Para quem acompanha o noticiário, a discussão voltou à baila. Eis que de repente o demodê brado de "macaco" foi entoado nos estádios do país, contra juízes de futebol e jogadores negros: Tinga, do Cruzeiro; o volante Arouca, do Santos; e o árbitro Márcio Chagas da Silva. A Gazeta do Povo do dia 10 contou outras histórias, como a do haitiano Stanley Joseph.

Pois que venha o debate público. Que sejam colocadas na mesa as condicionantes históricas – é desonesto ignorar as raízes deixadas pelo nosso passado escravocrata. Às estatísticas: à revelia das divisórias entre negros e pardos, somos, grosso modo, 55 milhões de pobres, 24 milhões de pobres extremos, os dois lugares ocupados majoritariamente por homens e mulheres de "pele escura", como se dizia. É nefasto – a desigualdade, já disse o pesquisador Ricardo Henriques, de tão brutal se tornou uma experiência natural, que de natural não tem nada.

Nessa conversa, que se leve em conta a cultura formada em torno da negritude. Não se trata de vitimização. Trata-se de conquista – deles. Desde a luta pelos direitos civis dos negros nos Estados Unidos, na década de 1960, afros de todo o mundo se puseram a mexer no vespeiro, alcançando mais respeito e janelas nas quais pudessem discursar. No Brasil não foi diferente. A pesquisa de Alberto Carlos Almeida, diga-se, mostrou que o negro é olhado também de forma mais respeitosa, apesar de todas as nuances desse relacionamento cheio de pequenos limites, cuja melhor tradução são os elevadores de serviço e as criadas vendo tevê com as patroas, mas sentadas numa cadeira. Parodiando Kamel, podemos não ser racistas, mas somos algo próximo disso.

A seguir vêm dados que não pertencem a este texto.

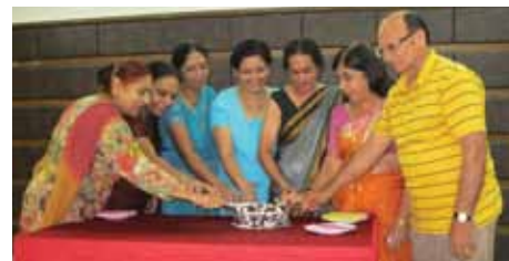
The cake cutting ceremony !

Apesar de toda a sutileza que ronda a barbárie do racismo no Brasil, apesar da fragilidade legal, há menos tolerância com brutamontes deixando bananas no retrovisor de um juiz de futebol. A grita dos estádios, prontamente denunciada, nasce dessa indisposição em ficar quieto. O atacante Adílson, do XV de Piracicaba, um dos injuriados, admite essa mudança de postura. Os negros sempre foram humilhados nos estádios. Mas agora não vão mais aceitar isso. O momento é de ir à forra. Esse "agora chega" é rico, pois o país se vê diante da necessidade de enfrentar discussões raciais, nem que doa.